Many "steep driveway" threads; here are a few

https://www.plowsite.com/threads/plowing-steep-driveway-any-ideas.172041/

https://www.plowsite.com/threads/snow-removal-for-steep-driveway.163619/


----------



## zlssefi (Dec 29, 2011)

id steer clear of wheel loaders for steep, icy terrain. that has disaster written all over it. id say a truck with good studded snow tires or chains should do the trick. if you need to apply sand a good tailgate spreader should be able to spread any bagged materials.


----------



## White_Gold11 (Jan 4, 2016)

I use my wheel loaders with sno tyres to do all of our” steep work”.. we also have skids, trucks, tractors with sno tyres.. Not trying to be rude but if I had a 1/4 mile of steep road that gets tons of snow I would want a loader with sno tyres and a blade that could angle. My 2c


----------



## ByDesign (Sep 2, 2011)

Ill play, my driveway is an 11% grade and I get about 400" of snow a year. I have a skid steer w/plow & blower, truck plow and a wheel loader. The wheel loader will move the most, but its the slowest. Also, I had to buy $6k worth of chains to keep the thing on the road...snow tires only wont do it. 

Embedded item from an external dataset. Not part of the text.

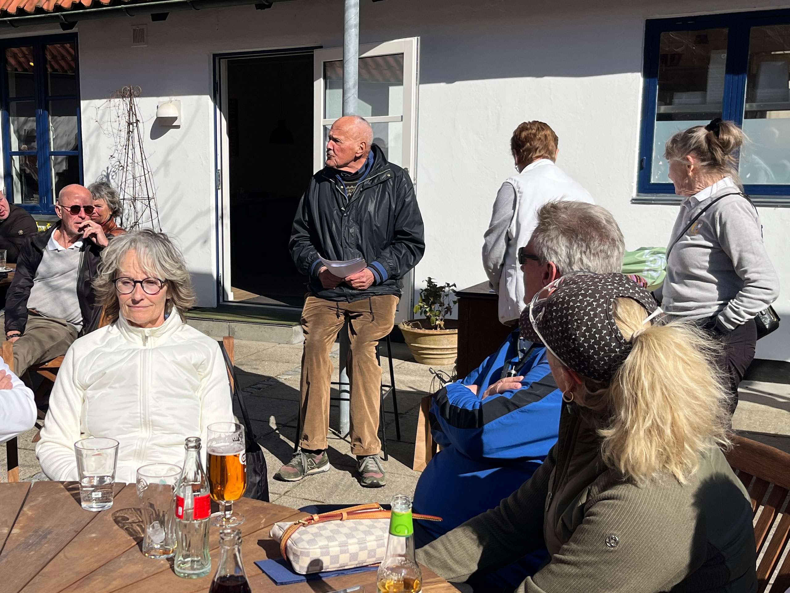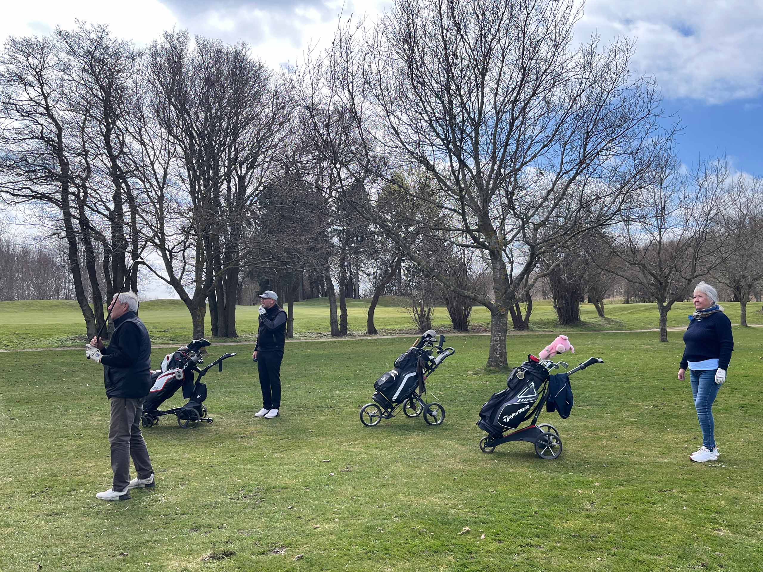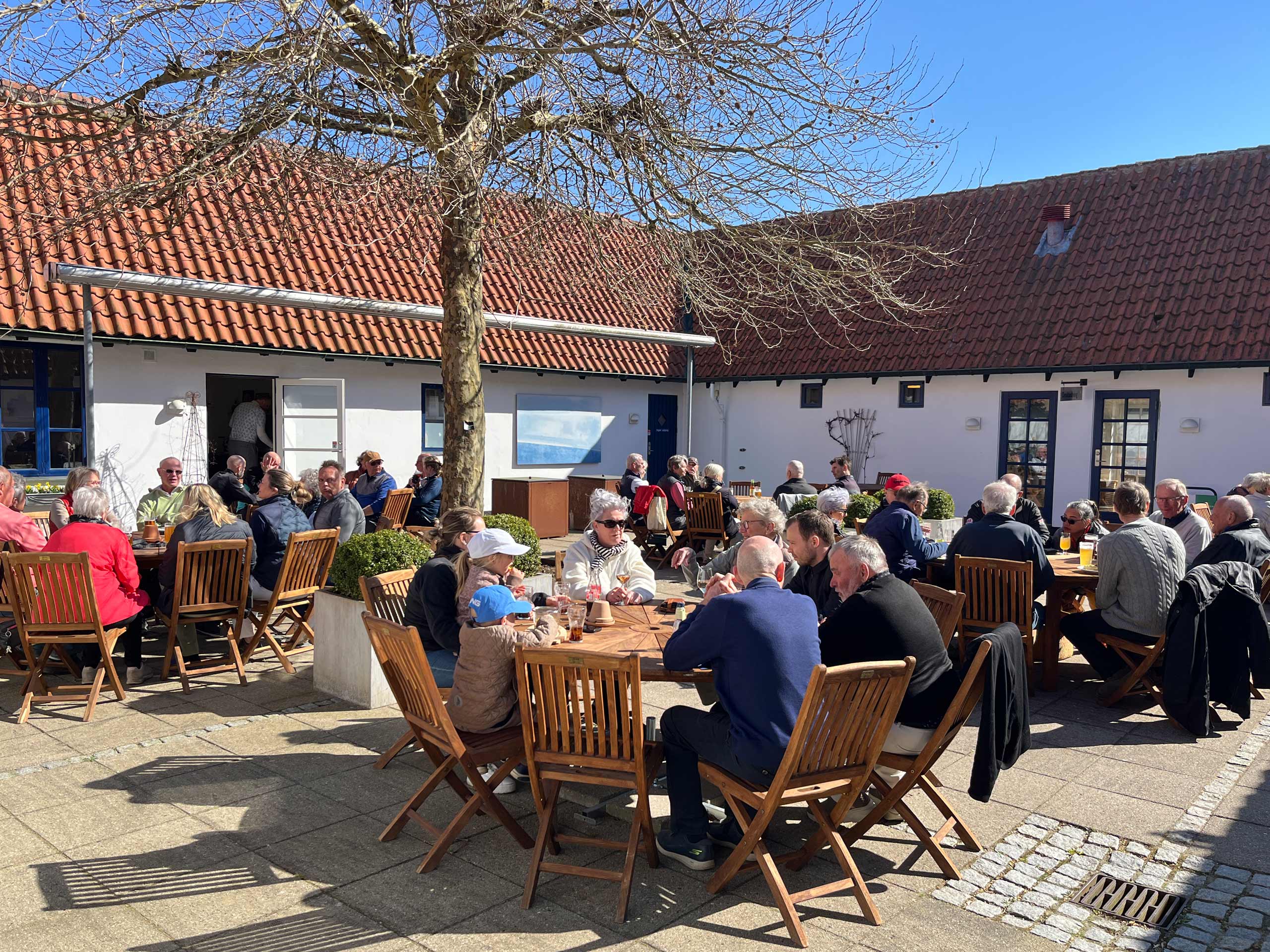 Efter morgenmad og med en halv times tidsforskydning (pga. eventuel morgenfrost), var alle ude på deres respektive huller til gunstart. Holdspil, med de 3 bedste scores som tællende. Solrigt, men fortsat et noget køligt aprilsvejr. Mange havde det dog fint med at være ude i atriumgården.

The truck gets used until the snow banks are too tall to push snow over the side of the road...usually late December. Then the skid w/blower comes in and I use that till about the end of March. Then I use the wheel loader to push everything back and help accelerate the melting. That being said...last year on June 23 we got an additional 2' of snow...so no plan is ever perfect.


----------



## Mark Oomkes (Dec 10, 2000)

I read that a snowblower wasn't a good idea because it compacts the snow and makes it more difficult to move...


----------



## prezek (Dec 16, 2010)

ByDesign said:


> and I get about 400" of snow a year.


About the same here.


----------



## Plow novice (Nov 27, 2019)

Mark Oomkes said:


> I read that a snowblower wasn't a good idea because it compacts the snow and makes it more difficult to move...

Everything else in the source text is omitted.